Knudsen informally talked to state authorities about the possibility of granting Freshwater some sort of clemency as bait. He remembers that he had grown “tired of chasing her.” But state authorities said no. Then Knudsen joined the investigation of Gov. Ray Blanton, who had come under fire for pardoning over 50 prisoners, many of whom had ties to Blanton or members of his administration. One of the prisoners pardoned, Roger Humphreys, murdered his wife and her male companion. The contrast between how the system treated Humphreys vs. Freshwater prompted Knudsen to ask members of the Tennessee Board of Probation and Paroles about the possibility of awarding Freshwater clemency. The standard line was that they would not consider any deal until she was in state custody.
Not having much to work with, Knudsen and the F.B.I. still talked to Tommy and his mother about giving up Margo.
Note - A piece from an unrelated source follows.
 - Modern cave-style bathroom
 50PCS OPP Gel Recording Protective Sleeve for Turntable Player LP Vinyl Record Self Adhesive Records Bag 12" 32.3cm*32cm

After she returned to Tennessee, they would try to work something out. “I was basically trying to tell them that if Margo would surrender or they would tell me where she is, it would be better for her to face the music now than later,” Knudsen recalls.
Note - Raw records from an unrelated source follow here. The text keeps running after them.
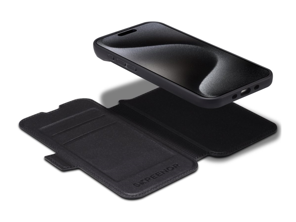 Screenor First - Vikbart Fodral För Mobiltelefon - 2-I-1 - Magsafe-Kompatibilitet - Läder, Termoplastisk Polyuretan (Tpu) - Svart - För Apple Iphone 17
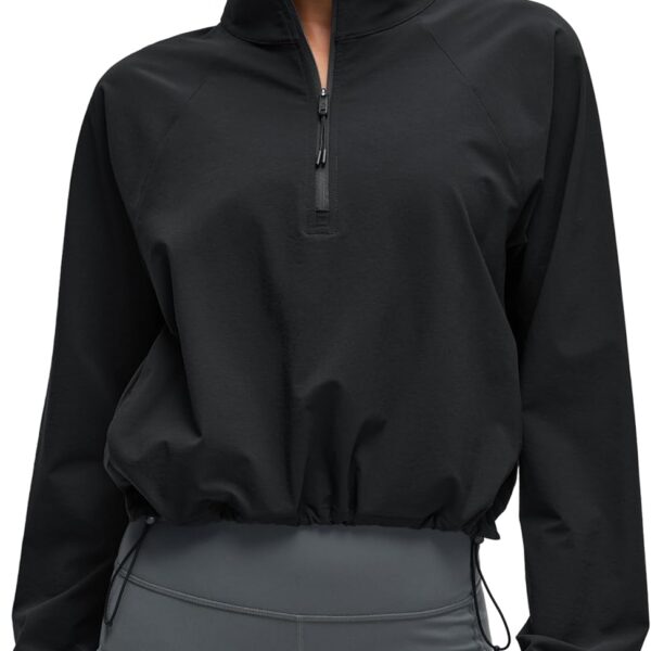 CRZ YOGA Drawstring Bottom Workout Jackets for Women – Half Zip Pullover Cropped Workout Outdoor Tops with Pockets
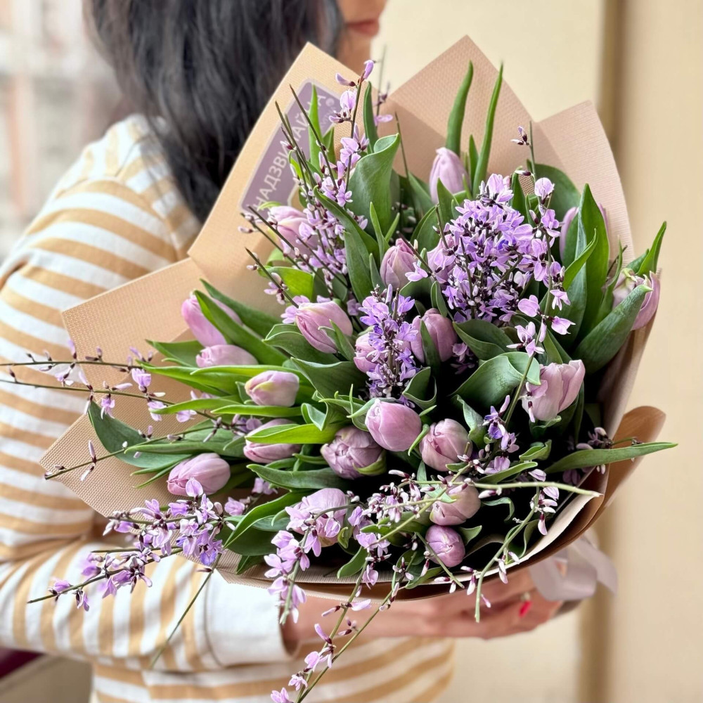- Как заказать Фиолетовый букет из тюльпанов и генисты «Весенний сиреневый»? ❯
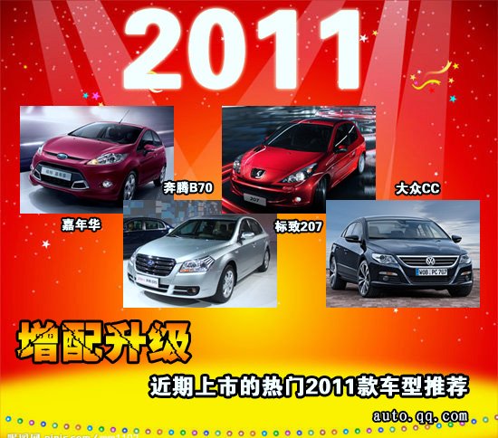 | 车型 | 上市日期 | 市场指导价 | 2011款福特嘉年华 | 5月20日 | 7.99-11.29万元 | 2011款奔腾B70 | 5月18日 | 13.18-16.58万元 | 2011款标致207 | 5月18日 | 7.18-10.58万元 | 2011款一汽大众CC | 4月18日 | 25.38-30.08万元 | |
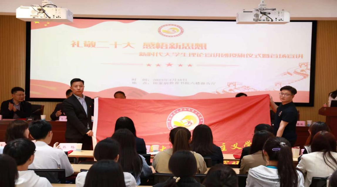 为进一步学习贯彻习近平新时代中国特色社会主义思想,深入贯彻落实党的二十大精神,强化青年学子的政治品格,提升老员工政治理论水平,做好党的创新理论和重大会议的理论阐释工作,以青年视角宣传阐释党的二十大精神及一系列党的创新理论,用通俗易懂的语言、身边的鲜活故事、喜闻乐见的形式,讲“透”讲 “精”讲“活”党的创新理论,充分发挥朋辈教育作用,彰显bv伟德国际1946“思政育人”的学科优势,进一步凸显bv伟德国际1946“新时代老员工理论宣讲团”的品牌效应。2023年4月16日下午,bv伟德国际1946新时代老员工理论宣讲团在田家炳教育书院6楼报告厅隆重举行了授旗仪式暨首场宣讲。

“I remember him saying that, but he was still with the F.B.I.,” says Tommy. “My mom saw them as the enemy. I didn’t see them as the enemy but I didn’t see them as my friend.”
Tommy was coy in saying whether or not he even knew his sister’s whereabouts. “My sister was close enough to home, but far enough away,” he says. Told that he was obviously very loyal to his sister, he says, “I was loyal enough to keep her free to 32 years.” Knudsen dropped the case after more than 10 years, although law enforcement officers in Tennessee and Ohio kept plugging away. Earlier this year, they happened upon her alias on a computer database and, after a swift and meticulous investigation, apprehended her in the parking lot of a Columbus athletic club.
Today, Knudsen is not the only law enforcement agent who believes that Freshwater deserves leniency. This week, Tommy Lewis, a retired agent with the Tennessee Bureau of Investigation, appeared on the Montel show, arguing on her behalf. Lewis had worked on the Freshwater case, but was not involved in her apprehension. “I don’t agree with what he says and he doesn’t speak for the T.B.I.,” says Greg Elliott, the agent who finally tracked down Freshwater. “The T.B.I.’s position is that she was convicted of a crime and prison is exactly where she is supposed to be.”
But if Bob Ritchie, Freshwater’s Knoxville attorney, does as expected and lobbies the governor’s office for clemency, Knudsen’s and Lewis’ insights might come in handy. Interestingly, as one of the state’s most prominent defense attorneys, Ritchie has often been on the other side of Knudsen, whose job it is to build cases against the kinds of people whom Ritchie represents. “I have tremendous respect for Richard,” Ritchie says. “Ultimately, I would hope that those in authority will listen to people like Dick and others who have carefully and objectively reviewed the case.”
For his part, Knudsen does not say that Freshwater deserves absolute clemency. He does think, however, that her case should be reviewed. Not long after her escape, Knudsen thought that Freshwater, a high school dropout with a fondness for exploitative men, would either be quickly apprehended or turn up dead, perhaps caught up in a dangerous prostitution ring. That he has since been proven wrong clearly has had an effect on him. “You have a woman with no marketable skills and a passive personality. What are her chances?” he asks rhetorically. “This is a triumph of the human spirit. I’ll take my hat off to her. She beat incredibly long odds, and we pulled out our whole bag of tricks to find her.”